IR-IITBHU at TREC 2016 Open Search Track: Retrieving documents using Divergence From Randomness model in Terrier
Published in The Twenty-Fifth Text REtrieval Conference (TREC 2016) Proceedings. NIST Special Publication:SP 500-321, 2017
Recommended citation: M. Niyogi, S. Pal. (2017). "IR-IITBHU at TREC 2016 Open Search Track: Retrieving documents using Divergence From Randomness model in Terrier." The Twenty-Fifth Text REtrieval Conference (TREC 2016) Proceedings. NIST Special Publication:SP 500-321. https://trec.nist.gov/pubs/trec25/papers/IR-IITBHU-O.pdf
Abstract
In our participation at TREC 2016 Open Search Track which focuses on ad-hoc scientific literature search, we used Terrier, a modular and a scalable Information Retrieval framework as a tool to rank documents. The organizers provided live data as documents, queries and user interactions from real search engine that were available through Living Lab API framework. The data was then converted into TREC format to be used in Terrier. We used Divergence from Randomness (DFR) model, specifically, the Inverse expected document frequency model for randomness, the ratio of two Bernoulli’s processes for first normalisation, and normalisation 2 for term frequency normalisation with natural logarithm, i.e., In_expC2 model to rank the available documents in response to a set of queries. Altogether we submit 391 runs for sites CiteSeerX and SSOAR to the Open Search Track via the Living Lab API framework. We received an “outcome” of 0.72 for test queries and 0.62 for train queries of site CiteSeerX at the end of Round 3 Test Period where, the outcome is computed as: #wins / (#wins + #losses).
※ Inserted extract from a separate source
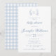 Upplev tidlös sofistikering med denna eleganta vintage-inspirerade baby-pojk-fest-inbjudan, med ett charmigt babyblått gingham-mönster. Perfekt för eleganta baby-pojk-fester.
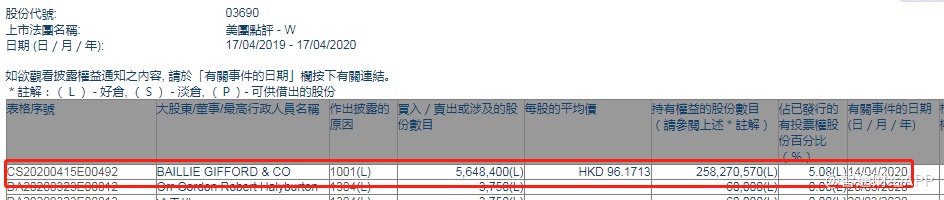 智通财经APP获悉,联交所最新资料显示,4月14日,BAILLIE GIFFORD & CO增持美团点评-W(03690)564.84万股,每股作价96.1713港元,总金额约为5.43亿港元。增持后最新持股数目约为2.58亿股,最新持股比例为5.08%。

A ‘win’ occurs when the participant achieves more clicks on his documents than those of the site and ‘loss’ otherwise. Complete relevance judgments is awaited at the moment. We look forward to getting the users’ feedback and work further with them.
Recommended citation: M. Niyogi, S. Pal. (2017). “IR-IITBHU at TREC 2016 Open Search Track: Retrieving documents using Divergence From Randomness model in Terrier”. The Twenty-Fifth Text REtrieval Conference (TREC 2016) Proceedings. NIST Special Publication:SP 500-321.